Saturday, October 20, 2007

Hausmusik

All the pianos in my family had benches full of sheet music, and that music was mostly popular classics of the "Music the Whole World Loves to Play" variety. We tend to hold that repertoire in fairly low esteem these days and I doubt many kids these days grow up playing the Dance of the Hours, To an Evening Star, or the Minuet á la Antique. The repertoire was not only light or character pieces, though, it also included four-handed arrangements of symphonic works and operatic transcriptions that brought both sophistication and clarity to the transmission of music. The disappearance of that entire repertoire is a marker for the loss of music making at home as the central activity in a musical life, activity from which the concert halls, opera houses, player piano rolls, broadcasts, and recordings all extended.

As a composer, I recognize that producing sheet music for home consumption is no longer the kind of enterprise from which careers are made (indeed, the last American composers of serious music for whom that could have been true were probably MacDowell and Griffes). But if I really want live performance to be the vehicle for my art, informal music making in private settings must nevertheless be recovered for new music, if new music is to have a place in the culture that is both high and deep. Engagement with the new music -- if it is to be more than casual, recognizing the wealth of detail, rich association fields, and structural interest -- has got to go beyond passive consumption and become active, a close encounter. If I've got Dichterliebe or The Wonderful Widow of Eighteen Springs on my piano, I want to play at them, singing through them with my composers' croak, and get to know them better than Stardust or Yesterday, because there is simply more to know. I want my daughter to start playing the cluster music in the first volume of Kurtág's Játékok and maybe later some of Mumma's pieces ...from the Sushi Box or Monahan's Piano Mechanics, because the challenges to ears and hands will simply make her a more interesting person.

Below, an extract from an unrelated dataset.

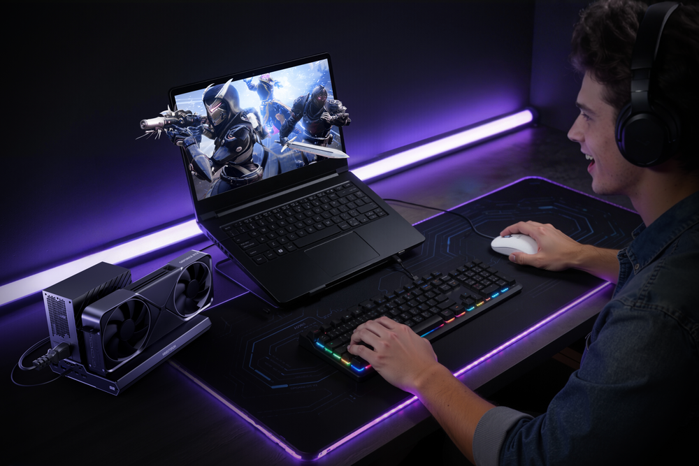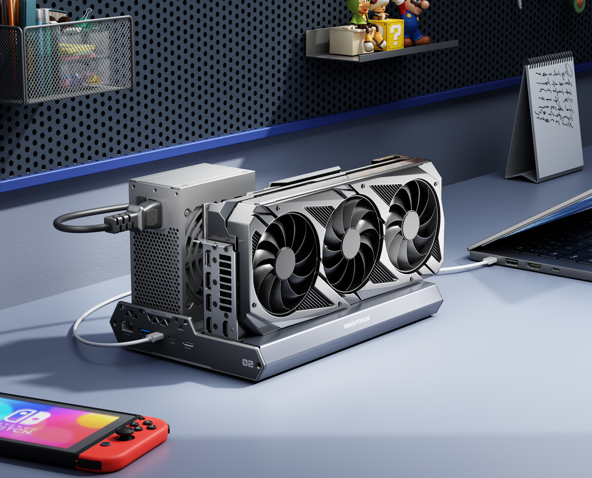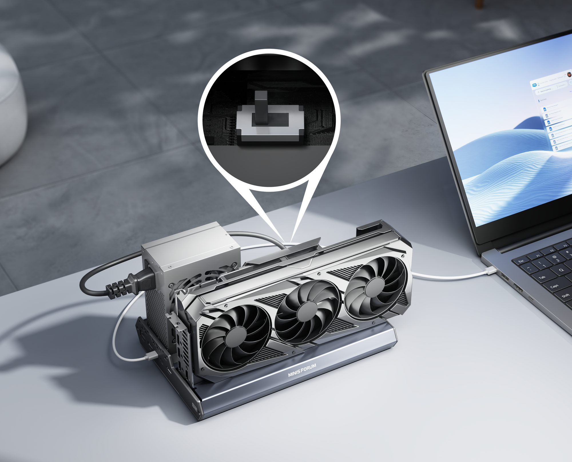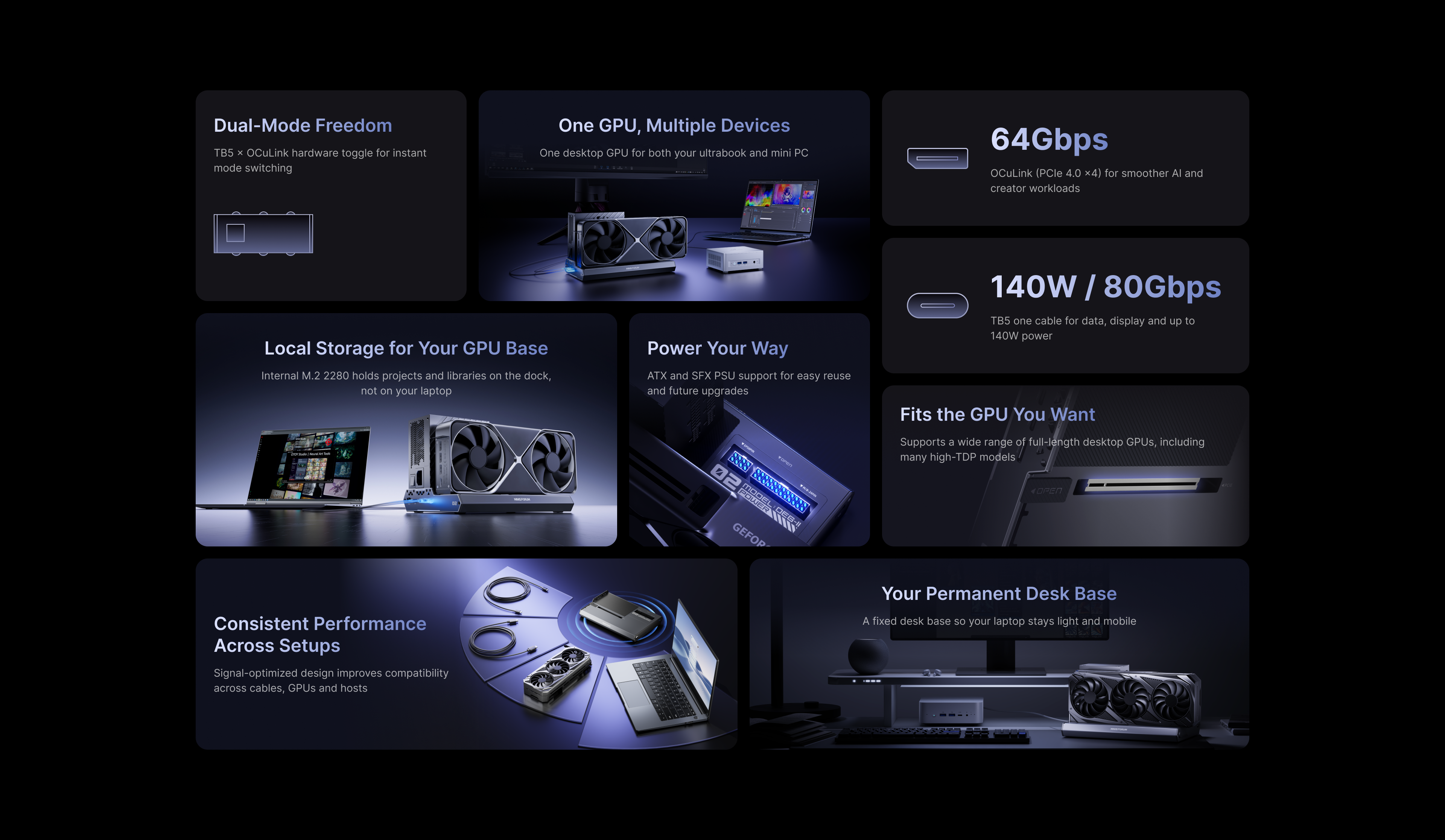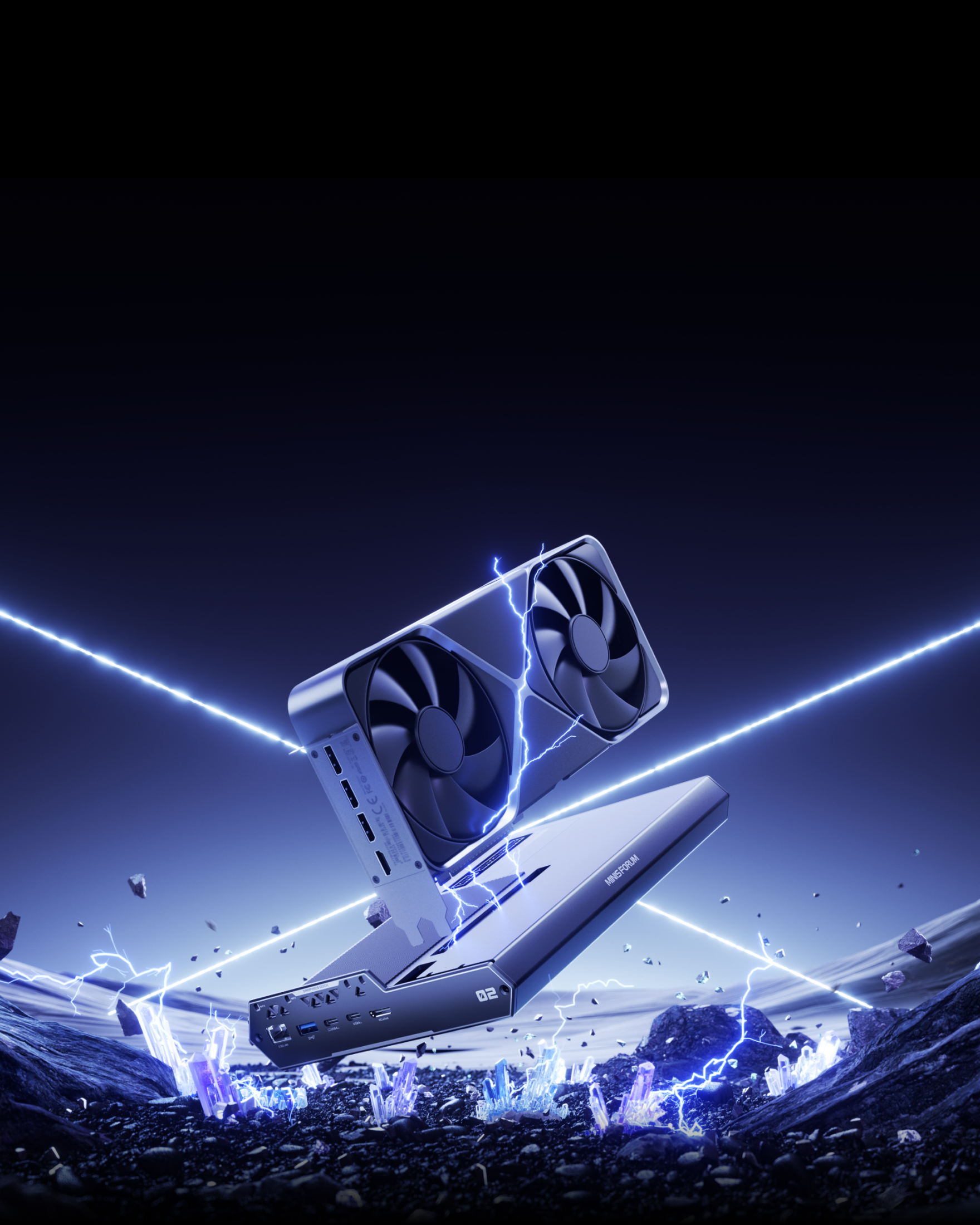 DEG2 powers on automatically with your host, so there's no extra switch to press and the experience feels like a desktop tower. With Thunderbolt 5 reverse power and full dock expansion over the same

The composer Lawrence Dillon writes here of an unusual event, a house concert programming one of his pieces. Isn't the unusual aspect here not the concert itself, but the fact that such a concert should be rare?

2 comments:

Corey said...

I wonder if the fact that pianos are disappearing from households is due in part that more and more people (at least in US cities) are being crammed into tiny apartments?

Daniel Wolf said...

Corey --

Europeans, Koreans, and Japanese all tend to live in much more crowded conditions than Americans, so I am uncertain about causality there.

That said, given the ubiquity of electronic keyboards, why hasn't a home repertoire of music for those instruments developed?